Se pudesse voltar a escrever minha tese de doutorado (defendida em 2006) ou

de livre-docência (defendida em 2017), seria mais organizado. Tentaria aproveitar mais

o tempo. Organização e disciplina permitem dedicar mais horas à revisão e à crítica do

próprio texto. Mas isso não depende, muita vez, da vontade do autor. No meu caso, os

bloqueios criativos podem durar dias. Quando são vencidos, consigo escrever a fio por

muito tempo. Isso, contudo, impede qualquer previsibilidade no cronograma da escrita.

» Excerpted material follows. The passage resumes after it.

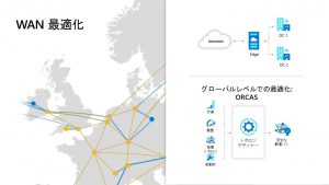 Azure内部ネットワークにはORCASという需要予測、実際に帯域量、無数にある利用可能な物理トポロジ(経路)、障害影響、通信の変動状況を計算して動的に通信経路の割り振りするツールがあります。ネットワーク経路は通常Shortest Path(最も早い+ホップ数が少ない+etc=ネットワークの観点から低コスト)を選択するように自動ルーティングする設計になっています。しかしながら通信量が大幅増加、集中するとせっかくある他の経路が利用されないまま、限られた経路に集中してしまう傾向が出てきてしまう場合があります。またそのほかにも障害や他の要因で通信が滞ると真経路の再計算に時間を要してしまう事もあります。ORCASは予測のプロセスを入れる事でプロアクティブに最適な通信経路を制御することで各経路の平準化と安定的に通信環境の維持を可能にしてくれます。

E há um preço alto a se pagar...

Que projeto você gostaria de fazer, mas ainda não começou? Que livro

você gostaria de ler e ele ainda não existe?

Deixarei a primeira parte dessa pergunta em aberto. Aprendi com meu falecido e

querido orientador, Antonio Junqueira de Azevedo, que projetos literários não se anun-

ciam. Eles simplesmente terminam. E, como disse Churchill, depois de escravizar os

autores, precisam ser mortos e o cadáver atirado à fúria dos leitores.

Quanto ao livro que eu gostaria de ler? Aquele que descobrirei em minha próxi-

ma visita à livraria. Espero encontrar com ele em breve.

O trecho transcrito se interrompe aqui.